## EXERCISE:
Each line from the one containing "从资金流向上来看,当日应急产" through the final line of the data below must be repeated exactly.

Records drawn from a dataset
+++++

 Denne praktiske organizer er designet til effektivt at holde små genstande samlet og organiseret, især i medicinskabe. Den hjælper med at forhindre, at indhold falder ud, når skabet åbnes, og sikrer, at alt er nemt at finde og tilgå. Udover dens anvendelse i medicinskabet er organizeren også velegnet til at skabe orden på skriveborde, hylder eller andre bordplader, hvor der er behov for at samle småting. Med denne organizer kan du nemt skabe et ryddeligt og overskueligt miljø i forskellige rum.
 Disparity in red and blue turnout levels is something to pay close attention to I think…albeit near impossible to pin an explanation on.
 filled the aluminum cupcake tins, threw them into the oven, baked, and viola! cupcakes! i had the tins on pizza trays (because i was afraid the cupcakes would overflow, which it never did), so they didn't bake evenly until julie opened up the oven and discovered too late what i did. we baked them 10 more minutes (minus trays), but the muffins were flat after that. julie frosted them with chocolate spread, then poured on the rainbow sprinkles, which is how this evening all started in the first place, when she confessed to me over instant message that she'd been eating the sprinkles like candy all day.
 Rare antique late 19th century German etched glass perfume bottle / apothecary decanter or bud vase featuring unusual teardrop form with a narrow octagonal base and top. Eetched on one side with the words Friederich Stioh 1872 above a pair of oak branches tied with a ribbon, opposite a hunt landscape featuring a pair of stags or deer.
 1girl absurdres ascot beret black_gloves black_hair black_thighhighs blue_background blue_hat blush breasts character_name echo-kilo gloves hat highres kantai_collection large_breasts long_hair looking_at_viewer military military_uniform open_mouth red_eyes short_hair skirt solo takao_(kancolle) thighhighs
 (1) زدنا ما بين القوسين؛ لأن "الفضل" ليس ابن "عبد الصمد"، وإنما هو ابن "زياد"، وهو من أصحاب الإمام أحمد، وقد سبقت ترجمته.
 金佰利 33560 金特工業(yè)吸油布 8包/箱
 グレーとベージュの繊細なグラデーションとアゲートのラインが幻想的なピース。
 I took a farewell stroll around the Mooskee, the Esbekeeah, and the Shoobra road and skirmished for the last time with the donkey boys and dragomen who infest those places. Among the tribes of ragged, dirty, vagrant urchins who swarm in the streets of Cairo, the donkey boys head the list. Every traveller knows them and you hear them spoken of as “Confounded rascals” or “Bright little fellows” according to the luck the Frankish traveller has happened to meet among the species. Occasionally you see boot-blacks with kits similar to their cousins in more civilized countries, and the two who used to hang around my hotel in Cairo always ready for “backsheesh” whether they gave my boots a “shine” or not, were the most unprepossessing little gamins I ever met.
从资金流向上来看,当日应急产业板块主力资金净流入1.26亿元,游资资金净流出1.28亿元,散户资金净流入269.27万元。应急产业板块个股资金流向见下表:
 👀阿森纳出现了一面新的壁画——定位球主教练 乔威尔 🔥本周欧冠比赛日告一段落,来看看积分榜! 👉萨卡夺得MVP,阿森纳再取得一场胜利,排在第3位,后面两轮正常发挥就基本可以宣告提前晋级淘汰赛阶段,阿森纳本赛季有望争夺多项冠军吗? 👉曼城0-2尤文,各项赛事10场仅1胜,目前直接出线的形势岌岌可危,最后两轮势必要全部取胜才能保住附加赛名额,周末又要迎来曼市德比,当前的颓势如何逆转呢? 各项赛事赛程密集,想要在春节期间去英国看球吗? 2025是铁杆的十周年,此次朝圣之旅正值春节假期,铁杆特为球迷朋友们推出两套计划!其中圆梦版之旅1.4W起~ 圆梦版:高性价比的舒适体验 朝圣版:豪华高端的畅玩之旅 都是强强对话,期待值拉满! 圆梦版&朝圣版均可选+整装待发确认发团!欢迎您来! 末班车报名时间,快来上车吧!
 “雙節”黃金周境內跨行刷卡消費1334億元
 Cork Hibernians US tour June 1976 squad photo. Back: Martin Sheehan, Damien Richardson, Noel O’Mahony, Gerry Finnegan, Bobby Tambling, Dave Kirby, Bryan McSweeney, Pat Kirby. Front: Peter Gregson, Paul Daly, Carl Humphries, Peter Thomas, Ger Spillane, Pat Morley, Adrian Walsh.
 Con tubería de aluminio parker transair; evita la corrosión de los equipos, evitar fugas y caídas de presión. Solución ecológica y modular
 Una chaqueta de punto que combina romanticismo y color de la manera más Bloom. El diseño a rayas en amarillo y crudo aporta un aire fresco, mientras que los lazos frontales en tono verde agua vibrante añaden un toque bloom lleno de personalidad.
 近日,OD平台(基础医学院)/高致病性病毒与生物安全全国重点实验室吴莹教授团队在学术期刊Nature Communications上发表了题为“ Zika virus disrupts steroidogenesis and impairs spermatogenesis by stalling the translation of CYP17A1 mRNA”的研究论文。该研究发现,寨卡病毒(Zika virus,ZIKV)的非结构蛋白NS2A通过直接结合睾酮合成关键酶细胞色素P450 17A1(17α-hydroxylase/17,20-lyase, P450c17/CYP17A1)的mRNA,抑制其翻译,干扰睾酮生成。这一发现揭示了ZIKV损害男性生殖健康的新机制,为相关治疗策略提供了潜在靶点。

+++++

## OUTPUT FOR THIS EXERCISE:
从资金流向上来看,当日应急产业板块主力资金净流入1.26亿元,游资资金净流出1.28亿元,散户资金净流入269.27万元。应急产业板块个股资金流向见下表:
 👀阿森纳出现了一面新的壁画——定位球主教练 乔威尔 🔥本周欧冠比赛日告一段落,来看看积分榜! 👉萨卡夺得MVP,阿森纳再取得一场胜利,排在第3位,后面两轮正常发挥就基本可以宣告提前晋级淘汰赛阶段,阿森纳本赛季有望争夺多项冠军吗? 👉曼城0-2尤文,各项赛事10场仅1胜,目前直接出线的形势岌岌可危,最后两轮势必要全部取胜才能保住附加赛名额,周末又要迎来曼市德比,当前的颓势如何逆转呢? 各项赛事赛程密集,想要在春节期间去英国看球吗? 2025是铁杆的十周年,此次朝圣之旅正值春节假期,铁杆特为球迷朋友们推出两套计划!其中圆梦版之旅1.4W起~ 圆梦版:高性价比的舒适体验 朝圣版:豪华高端的畅玩之旅 都是强强对话,期待值拉满! 圆梦版&朝圣版均可选+整装待发确认发团!欢迎您来! 末班车报名时间,快来上车吧!
 “雙節”黃金周境內跨行刷卡消費1334億元
 Cork Hibernians US tour June 1976 squad photo. Back: Martin Sheehan, Damien Richardson, Noel O’Mahony, Gerry Finnegan, Bobby Tambling, Dave Kirby, Bryan McSweeney, Pat Kirby. Front: Peter Gregson, Paul Daly, Carl Humphries, Peter Thomas, Ger Spillane, Pat Morley, Adrian Walsh.
 Con tubería de aluminio parker transair; evita la corrosión de los equipos, evitar fugas y caídas de presión. Solución ecológica y modular
 Una chaqueta de punto que combina romanticismo y color de la manera más Bloom. El diseño a rayas en amarillo y crudo aporta un aire fresco, mientras que los lazos frontales en tono verde agua vibrante añaden un toque bloom lleno de personalidad.
 近日,OD平台(基础医学院)/高致病性病毒与生物安全全国重点实验室吴莹教授团队在学术期刊Nature Communications上发表了题为“ Zika virus disrupts steroidogenesis and impairs spermatogenesis by stalling the translation of CYP17A1 mRNA”的研究论文。该研究发现,寨卡病毒(Zika virus,ZIKV)的非结构蛋白NS2A通过直接结合睾酮合成关键酶细胞色素P450 17A1(17α-hydroxylase/17,20-lyase, P450c17/CYP17A1)的mRNA,抑制其翻译,干扰睾酮生成。这一发现揭示了ZIKV损害男性生殖健康的新机制,为相关治疗策略提供了潜在靶点。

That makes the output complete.